(SOURCE MATERIAL):
======

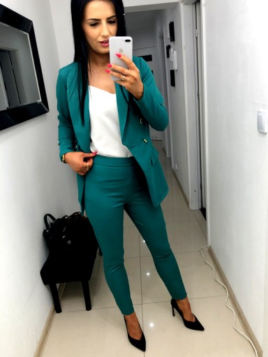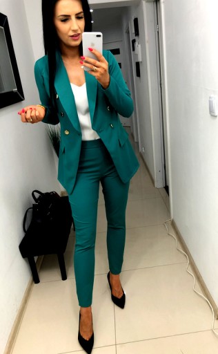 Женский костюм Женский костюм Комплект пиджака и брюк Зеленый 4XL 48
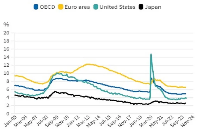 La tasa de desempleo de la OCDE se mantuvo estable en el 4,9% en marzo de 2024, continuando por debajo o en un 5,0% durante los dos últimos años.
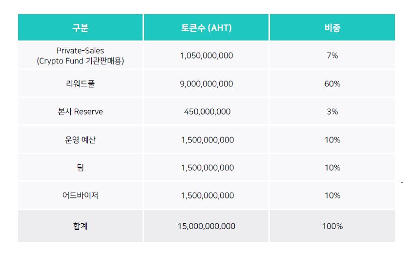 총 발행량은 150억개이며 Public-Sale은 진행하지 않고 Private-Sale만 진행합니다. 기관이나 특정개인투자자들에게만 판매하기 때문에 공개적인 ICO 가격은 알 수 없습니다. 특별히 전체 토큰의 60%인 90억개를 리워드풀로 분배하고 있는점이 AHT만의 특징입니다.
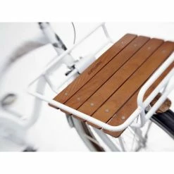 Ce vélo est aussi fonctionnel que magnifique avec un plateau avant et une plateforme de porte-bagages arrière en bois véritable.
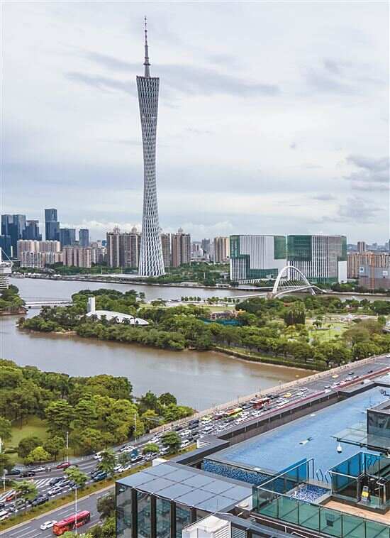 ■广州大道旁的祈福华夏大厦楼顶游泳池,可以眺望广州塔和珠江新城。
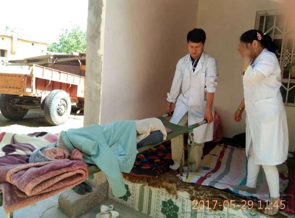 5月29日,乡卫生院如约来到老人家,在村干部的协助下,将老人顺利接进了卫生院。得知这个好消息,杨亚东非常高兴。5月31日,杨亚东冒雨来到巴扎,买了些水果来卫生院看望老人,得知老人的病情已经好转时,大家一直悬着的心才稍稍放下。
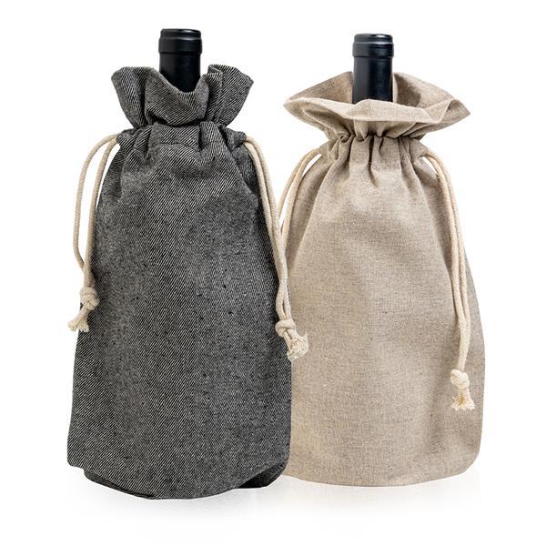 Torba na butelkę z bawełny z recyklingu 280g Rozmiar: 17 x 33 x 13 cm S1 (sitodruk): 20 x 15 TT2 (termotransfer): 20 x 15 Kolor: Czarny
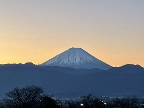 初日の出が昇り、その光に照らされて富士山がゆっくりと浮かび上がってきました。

======

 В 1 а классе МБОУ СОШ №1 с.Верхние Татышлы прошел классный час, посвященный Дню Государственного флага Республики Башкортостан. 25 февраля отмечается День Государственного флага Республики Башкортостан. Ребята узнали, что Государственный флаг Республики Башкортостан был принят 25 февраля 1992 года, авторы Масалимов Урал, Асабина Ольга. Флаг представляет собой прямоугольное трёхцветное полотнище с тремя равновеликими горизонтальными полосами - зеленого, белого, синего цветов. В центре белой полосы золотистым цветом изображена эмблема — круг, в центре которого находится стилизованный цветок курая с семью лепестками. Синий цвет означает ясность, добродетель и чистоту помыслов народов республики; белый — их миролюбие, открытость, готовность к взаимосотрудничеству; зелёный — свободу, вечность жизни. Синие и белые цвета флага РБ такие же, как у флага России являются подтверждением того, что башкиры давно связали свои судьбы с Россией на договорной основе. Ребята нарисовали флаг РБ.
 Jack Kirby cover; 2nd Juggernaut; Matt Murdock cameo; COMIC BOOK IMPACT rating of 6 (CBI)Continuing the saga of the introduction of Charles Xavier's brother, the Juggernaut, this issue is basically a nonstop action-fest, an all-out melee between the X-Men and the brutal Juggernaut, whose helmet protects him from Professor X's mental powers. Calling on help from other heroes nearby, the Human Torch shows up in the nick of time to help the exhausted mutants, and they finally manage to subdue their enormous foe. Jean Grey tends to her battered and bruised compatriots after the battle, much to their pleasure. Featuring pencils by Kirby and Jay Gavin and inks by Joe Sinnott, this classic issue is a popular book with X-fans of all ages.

======

(WHAT IS REQUIRED):
Among the entries above, locate the line with "Женский костюм Женский" and the line with "初日の出が昇り、その光に照らされて富士山がゆっくりと浮かび上がってきました。". Give those two lines and all lines between them again, exactly, leaving out the pictures.

(TASK ANSWER):
 Женский костюм Женский костюм Комплект пиджака и брюк Зеленый 4XL 48
 La tasa de desempleo de la OCDE se mantuvo estable en el 4,9% en marzo de 2024, continuando por debajo o en un 5,0% durante los dos últimos años.
 총 발행량은 150억개이며 Public-Sale은 진행하지 않고 Private-Sale만 진행합니다. 기관이나 특정개인투자자들에게만 판매하기 때문에 공개적인 ICO 가격은 알 수 없습니다. 특별히 전체 토큰의 60%인 90억개를 리워드풀로 분배하고 있는점이 AHT만의 특징입니다.
 Ce vélo est aussi fonctionnel que magnifique avec un plateau avant et une plateforme de porte-bagages arrière en bois véritable.
 ■广州大道旁的祈福华夏大厦楼顶游泳池,可以眺望广州塔和珠江新城。
 5月29日,乡卫生院如约来到老人家,在村干部的协助下,将老人顺利接进了卫生院。得知这个好消息,杨亚东非常高兴。5月31日,杨亚东冒雨来到巴扎,买了些水果来卫生院看望老人,得知老人的病情已经好转时,大家一直悬着的心才稍稍放下。
 Torba na butelkę z bawełny z recyklingu 280g Rozmiar: 17 x 33 x 13 cm S1 (sitodruk): 20 x 15 TT2 (termotransfer): 20 x 15 Kolor: Czarny
 初日の出が昇り、その光に照らされて富士山がゆっくりと浮かび上がってきました。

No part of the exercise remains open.